🤖 AI Summary
In real-time human-AI collaboration, AI struggles to accurately model humans’ dynamic and heterogeneous mental states—such as domain-specific intentions—without direct communication, resulting in poor adaptability. To address this, we propose a dual-process, multi-scale Theory of Mind (ToM) framework grounded in large language models (LLMs), which incorporates “fast/slow” dual-system cognitive principles.

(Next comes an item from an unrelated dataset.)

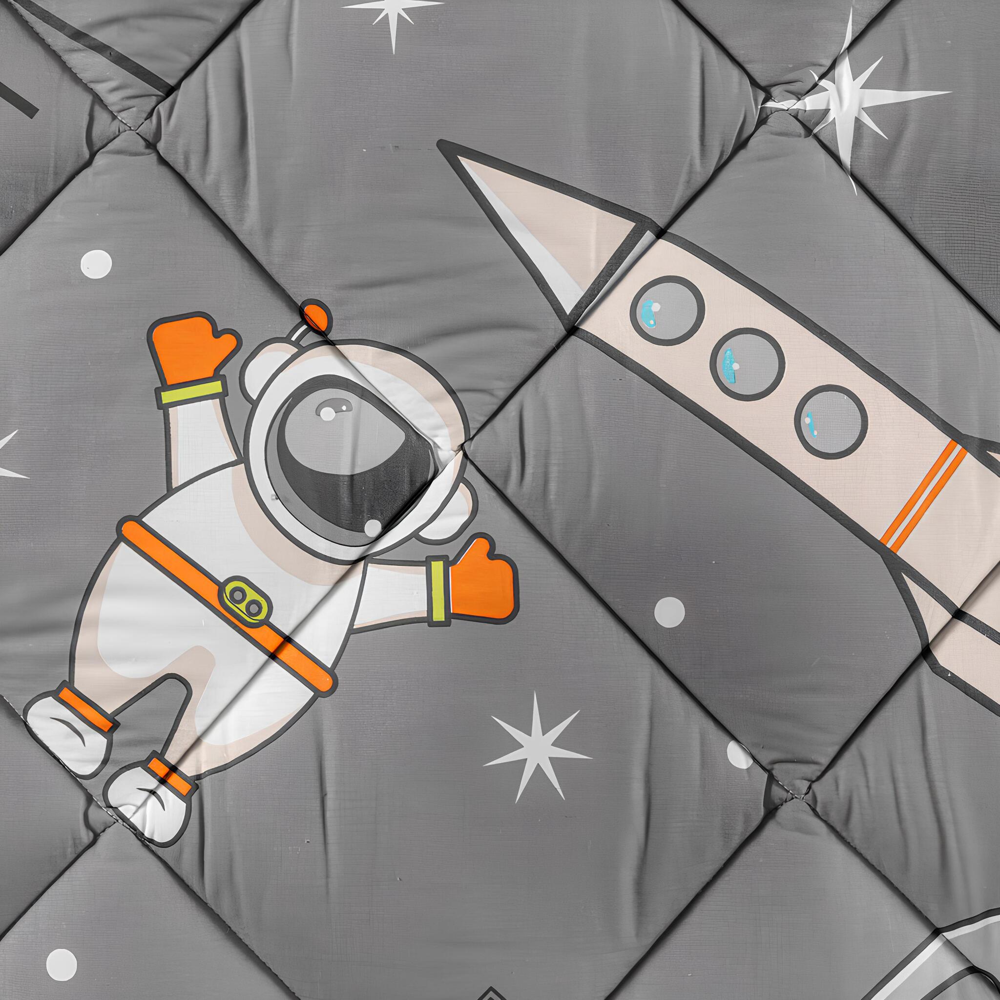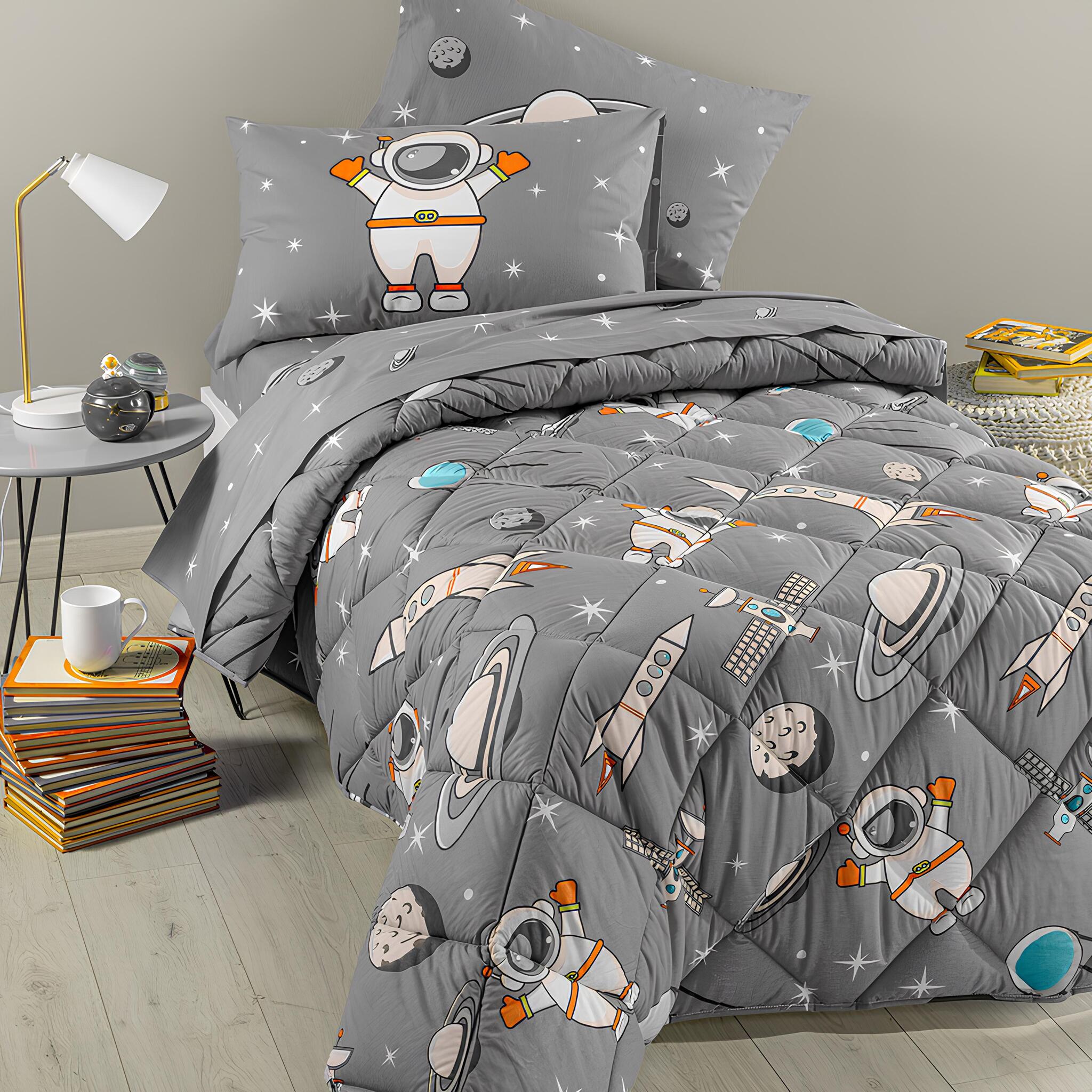 Regala ai più piccoli un viaggio tra stelle e pianeti con la trapunta invernale Spazio firmata Caleffi. Realizzata in 100% cotone e imbottita con fibra anallergica da 300 gr/m², è l’ideale per garantire comfort e calore nelle notti fredde. La trapuntatura a rombi mantiene l’imbottitura ben distribuita, evitando spostamenti. Certificata OEKO-TEX, è sicura anche per le pelli più sensibili. Disponibile nei colori blu e grigio, è perfetta per letti singoli (una piazza) grazie alle dimensioni di 165x265 cm. Un prodotto Made in Italy di qualità firmato Caleffi.

The slow reasoning system integrates multi-scale mental modules to enable hierarchical and dynamic modeling of human intent. Crucially, the framework operates without explicit human feedback, significantly enhancing AI’s robustness to unseen human behaviors. Experiments demonstrate substantial improvements over baseline methods in both collaborative efficiency and intent recognition accuracy. Ablation studies confirm the indispensable role of the multi-scale modules within the slow system. This work establishes a novel paradigm for interpretable and adaptive human-AI collaboration.
📝 Abstract
Real-time human-artificial intelligence (AI) collaboration is crucial yet challenging, especially when AI agents must adapt to diverse and unseen human behaviors in dynamic scenarios. Existing large language model (LLM) agents often fail to accurately model the complex human mental characteristics such as domain intentions, especially in the absence of direct communication. To address this limitation, we propose a novel dual process multi-scale theory of mind (DPMT) framework, drawing inspiration from cognitive science dual process theory. Our DPMT framework incorporates a multi-scale theory of mind (ToM) module to facilitate robust human partner modeling through mental characteristic reasoning. Experimental results demonstrate that DPMT significantly enhances human-AI collaboration, and ablation studies further validate the contributions of our multi-scale ToM in the slow system.